I have been working as a medical translator for years, helping patients and healthcare professionals understand each other in situations that often carry life-changing weight. I thought I understood not just the language of medicine, but its deeper meaning related to those receiving treatment.
Everything changed the day my two worlds met: when I became a patient, and more to the point, a mother who was left in a state of uncertainty after a medical diagnosis.
Where two worlds collided
As a medical translator, I had always served as a bridge between clinical language and patients’ experience. I interpreted diagnoses, treatment options, and complicated conversations regarding rare conditions.
However, I felt that distance between my professional role and personal life suddenly disappear when I became pregnant and was informed that my unborn baby could have Edwards Syndrome. The words I had translated a million times before were no longer abstract but very personal.

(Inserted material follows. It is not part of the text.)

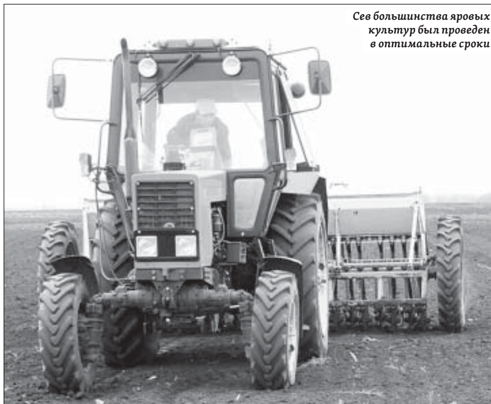
Сев большинства яровых культур был проведен в оптимальные сроки

Вместе с тем Зайцев отметил, что после обильных и продолжительных дождей весной запасы продуктивной влаги на полях с озимыми культурами в Ершовском, Федоровском, Балаковском, Краснокутском, Ка-

Entering the world of medical translation
My interest in medical translation started with an interest in language and science. As time progressed, I was assigned to work on complex cases, genetic disorders, rare cases, and high-risk pregnancy. I had translated discussions about prognosis, survival, and difficult decisions, and I believed I understood them.
But intellectually knowing something is one thing, and living it is another.
Translating a diagnosis versus living it
I was clear and composed in my professional life and handling of each case. I focused on accuracy, without emotional involvement.
However, when I was pregnant and received the potential Edwards Syndrome diagnosis, I sensed the emotional burden of each word.
Terms such as “risk,” “abnormality,” and “limited survival” were no longer clinical terms but horrific ones. I finally truly realized how confusing medical information could be to patients and families.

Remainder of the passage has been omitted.